Poin Penting Laporan 2026
Ekosistem open-source jadi sasaran
Repositori seperti npm dan PyPI menjadi target utama. Akun maintainer dibajak dan malware disisipkan ke library populer, mengubah pipeline pengembangan menjadi jalur distribusi kode berbahaya.
Lonjakan ekstensi peramban berbahaya
Pelaku membajak akun pengembang dan marketplace resmi untuk menyisipkan kode jahat dalam ekstensi browser. Ekstensi ini digunakan untuk mencuri kredensial, mengambil alih sesi, hingga membobol data keuangan.
Phishing berbasis AI dan penyalahgunaan OAuth
Dengan dukungan Artificial Intelligence (AI), kampanye phishing kini menargetkan integrasi sistem berkepercayaan tinggi. Metode ini memungkinkan pelaku melewati MFA dan memperoleh akses jangka panjang ke platform SaaS, pipeline CI/CD, dan lingkungan cloud. Sepanjang 2025, sektor jasa keuangan, pemerintahan dan militer, serta telekomunikasi menjadi target utama di Asia-Pasifik.
Kebocoran data untuk serangan massal
Penyerang bergerak ke hulu dengan mengompromikan penyedia layanan integrasi, membuka akses ke lingkungan multi-tenant dan memicu eksposur data dalam skala luas.
Rantai pasok ransomware yang terindustrialisasi
Initial Access Broker, data broker, dan operator ransomware kini beroperasi dalam struktur ekosistem yang matang. Sepanjang 2025 di Asia-Pasifik, sektor manufaktur, jasa keuangan, dan properti menjadi yang paling banyak disasar.
Menurut Volkov, AI bukan penyebab munculnya serangan rantai pasok, tetapi membuatnya lebih cepat, murah, dan sulit dideteksi. “Kepercayaan berlebihan terhadap software dan layanan kini berubah menjadi risiko strategis bagi perusahaan,” tegasnya.

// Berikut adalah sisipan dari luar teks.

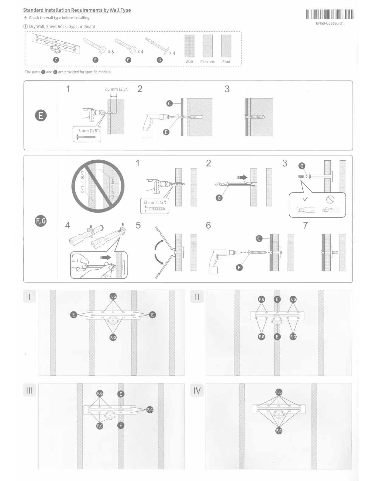 Samsung WMN-M12E - Standard Installation Requirements by Wall Type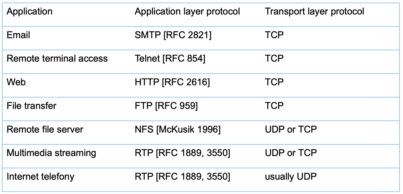 Beispiele für Anwendungen (Applications) und die benutzten transport protocols

Baca juga: Jangan Asal Klik, Palo Alto Networks Ingatkan Bahaya Rekayasa Sosial Berbasis AI
Laporan ini juga mencatat aktivitas konsisten dari kelompok seperti Lazarus Group, Scattered Spider, HAFNIUM, DragonForce, 888, serta kampanye yang terhubung dengan Shai-Hulud. Baik kelompok kriminal maupun aktor yang berafiliasi dengan negara dinilai semakin memanfaatkan platform dan integrasi terpercaya untuk menciptakan dampak besar dengan upaya yang efisien.
Sepanjang 2025, Group-IB juga mendukung 52 lembaga penegak hukum dalam enam operasi lintas negara. Di Asia-Pasifik, perusahaan ini membantu Royal Thai Police dan Singapore Police Force dalam penangkapan pelaku siber ALTDOS yang terlibat kebocoran data dan pemerasan di sektor kesehatan, keuangan, e-commerce, dan logistik.
Didukung intelijen dari Digital Crime Resistance Centers (DCRC) di 11 negara, laporan ini memadukan investigasi kasus nyata, telemetri perilaku aktor ancaman, serta pemantauan forum underground secara berkelanjutan. Temuannya menegaskan bahwa 2026 menjadi titik balik penting dalam lanskap ancaman siber di Asia-Pasifik—di mana rantai pasok menjadi medan tempur utama.